KPIs which matter for the business
Consumption is the hallmark of capitalism - it drives the free market. While in the 90s, consumerism was primarily restricted to physical goods, today with free internet, it has become so much about digital goods too. Just look at the time we spend on social media!
So, there are 3 major activities under consumption - collection, processing and action.
Let’s take a basic example - Humans. We collect data from various senses in different formats - visual(eyes), sound(ears), touch(skin) and smell(nose). Each of these senses send the data to the brain in the form of signals, which are then processed, and acted upon based on the various patterns that we have built over the years.

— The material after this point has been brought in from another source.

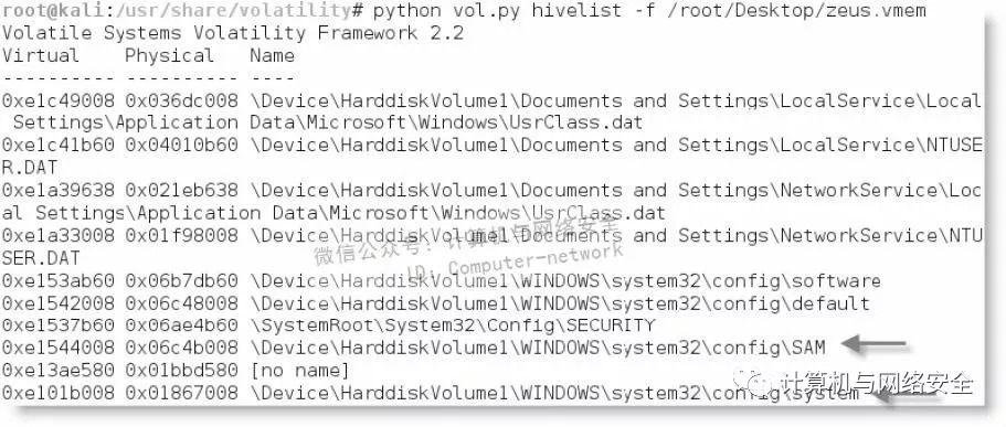 当执行下列命令时,hivelist插件将对不同的hives注册表打印出初始的虚拟内存位置:
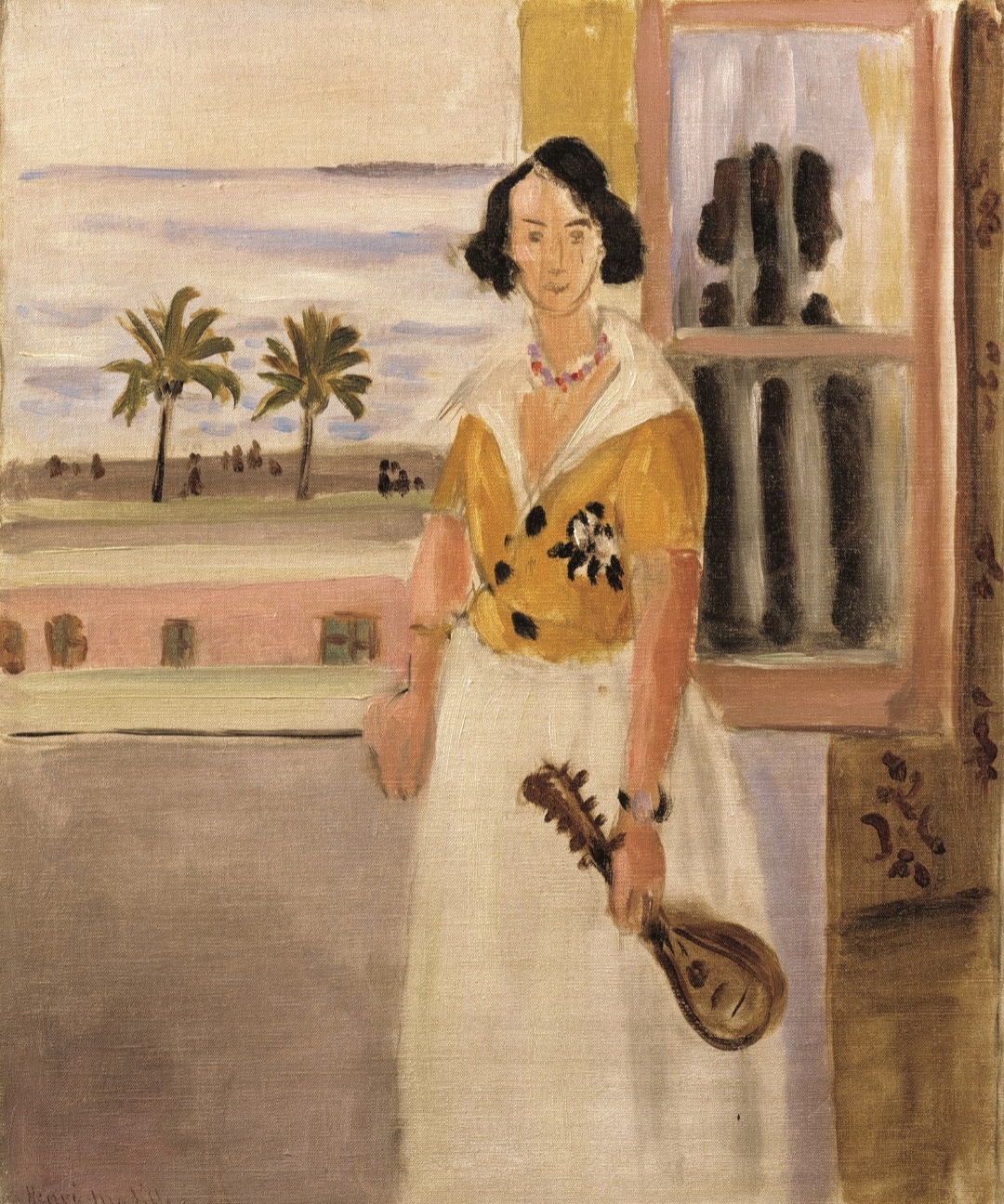 이 작품은 마티스가 빛과 색을 단순화하면서도 생동감을 유지하는 방식을 보여준다. 창문을 통한 빛의 반사와 그림자의 활용, 그리고 만돌린의 유려한 곡선을 통해 실내 공간에서도 역동적인 구성을 이루며, 마티스 특유의 색채 실험과 평면적 구도의 특징을 잘 드러낸다.

If we look at various artificial systems, we would see a similar sequence of events. Let’s look at other examples from our daily lives:
Uber
Here the system collects travel data, fare, along with the personal information that we provide during signup. Based on this, it creates a persona, and acts by providing differentiated pricing.
Amazon
Based on our past purchases, and browsing history, Amazon provides personalised recommendations through various ML engines.
Whatsapp
Whatsapp collects our messages, though in “encrypted format”, and supposedly uses it for providing personalised ads on Facebook. This is speculation. But the intent here is to convey what can be done.
Google
Google search, maps, etc - the whole business model is based on collecting data, and providing personalised ads.
I want to focus on the collection aspect. All these systems have a separate data collector.
What is a data collector supposed to do? Collect data. Yes, at the core that is what it is supposed to do. But with the variety of data sources, providing data in various formats, a simple data collection is not enough. More power is required. Think of Uber! It now allows its drivers and passengers to provide commands via speech, which needs to be both authenticated and authorised.
So, a Data collector collects data from the given authorised sources and passes it to the processor in a timely manner. If I were to track the health of a data collector, I would look at the following metrics:
Health - Is my data collector functional, and able to service the load in expected manner? Too slow, and UX gets impacted.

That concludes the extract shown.